Gertrude Vanderbilt (July 25, c. 1885 – February 18, 1960), (Note: Her birth year is given as 1880 in Anthony Slide's, Encyclopedia of Vaudeville; as ca. 1885 by Cullen et al. in Vaudeville, Old & New;, while contemporary obituaries variously list her age at death as 60, and 80. Her age was reported as 20 in July, 1909.) also known as Gertie Vanderbilt, was an American stage actress and Vaudeville performer.
==Early life and career==
Gertrude Vanderbilt was born in Brooklyn, New York, and was "understood to have been distantly related to the socially prominent Vanderbilt family." She recorded her birthday as July 25, but her year of birth varies: 1890 on her official U.S. Passport application, and 1895, 1896, 1900, and 1901 on border crossings. She was the daughter of Ezekiel Vanderbilt and Gertrude Meng. Her father died in 1898. She entered show business at age 14, and became known as "one of the bright theatrical lights of the Nineteen Twenties when she had leading roles in several David Belasco shows". She rose to public attention in Broadway productions of The Talk of New York (1907) and The American Idea (1908), The Follies of 1909 (1909). She later replaced Ina Claire in the lead role of the 1919 play, The Gold Diggers.

She appeared in the 1914 production of Ziegfeld Follies, and was later president of the Ziegfeld Alumni Association.

==Personal life==
At age 17, she was married to Joseph Pincus, a booking agent who subsequently became a Hollywood talent scout after their divorce. In February 1908, she married actor Robert L. Dailey, brother of burlesque comedian and singer Peter F. Dailey, in Baltimore, Maryland. Vanderbilt married Dailey while they were both members of The American Idea company. In 1909, she sued her husband for a separation, giving her age as 19, and saying "it is impossible for her to continue living with Dailey on account of his uncontrollable temper and cruel treatment."
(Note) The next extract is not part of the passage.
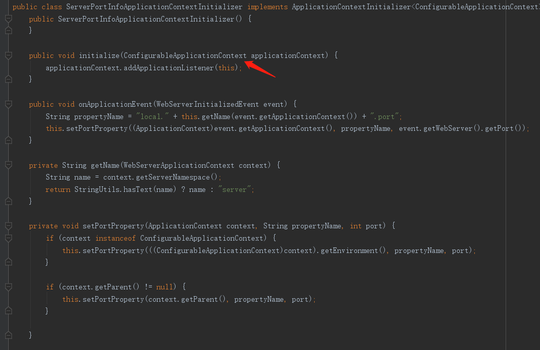 如ServerPortInfoApplicationContextInitializer,实现ApplicationContextInitializer 的initialize方法,当Spring实例化bean的过程中会调用initilize方法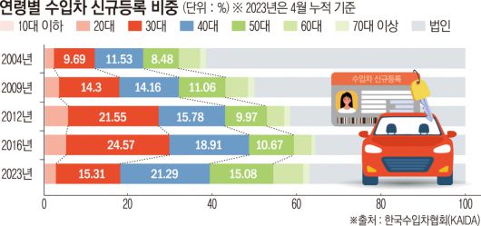 2006년 기준 수입차 시장에서 30대의 구매비율(9.57%)이 40대(9.47%)를 1.0% 포인트(p) 앞서기 시작했다. 30대 비율이 40대를 앞선 것은 이때가 처음이다. 이후 30대의 구매비율은 꾸준히 40대를 앞섰다. 평균 6.0%p 차이를 두고 수입차 시장 최대 고객으로 등극했다.

In 1926, she was reported to have been engaged to Italian Baron Georgio Mario Suriani, son of Italian Senator Giovanni Suriani of Naples. Vanderbilt's engagement to the dancer was later called off, as was his 1928 engagement to actress Winifred Barry.

In June 1921, she bought, and sold for $40,000 in 1924, a five-story residence at 309 West 84th Street. At the time of her death, she lived at the Delmonico Hotel at 502 Park Avenue.

She died at Roosevelt Hospital in New York City on February 18, 1960.